This week - Martin Robinson gets dewy-eyed over a hardcore manifesto of youth power that never quite got the vote

The Nation Of Ulysses
Plays Pretty For Baby
(Dischord, 1992)


“I’m not talking ’bout a Beatles’ song, written 100 years before I was born/They’re all talking ’bout the round and round, but who’s got the real anti-parent culture sound?”





Three reasons why Nation Of Ulysses are genius: one, they had no respect for their elders (rock legends, parents, seniors); two, they rejected the concept “it’s all about the music, maaan,” by adopting an ideology based around youth as an enlightened state, capable of instigating a social, cultural and style revolution; three, they were really funny.

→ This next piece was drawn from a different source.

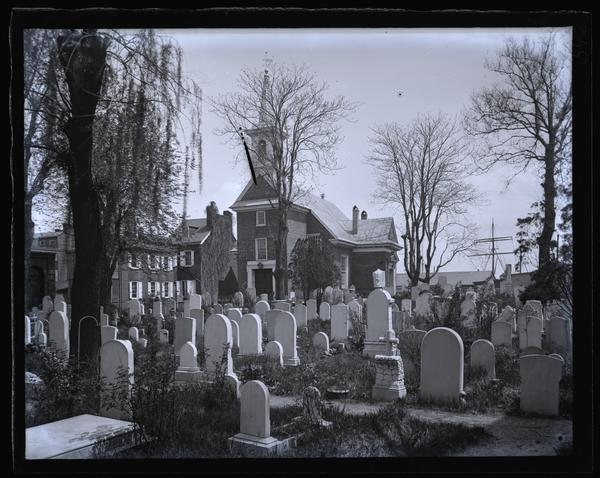 Glass negative showing a cemetery in front of the brick church building of Gloria Dei, also known as Old Swedes', Church. The cemetery is dotted with trees and contains many gravestones of various sizes. Gloria Dei, founded in 1677, was built 1698-1700 after the designs of John I. Harrison. Originally a Swedish Lutheran church, it became Episcopal in 1845.

Led by Ian Svenonius, a sort of Iggy-on-Marx, the band’s lengthy sleevenotes and fanzines declared Ulysses as a White Panther-style youth empowerment organisation. You’d read such things as “The Nation of Ulysses recognizes youth as a class, announces that for political reasons their age will not change from 18, and declares their intent of ‘Total annihilation of the US and all of its weak and infernal pawns’”. You’d also be told to not brush your teeth. They were the sugar-rush Manics, teenage Situationists intent on cola-bombing the Government.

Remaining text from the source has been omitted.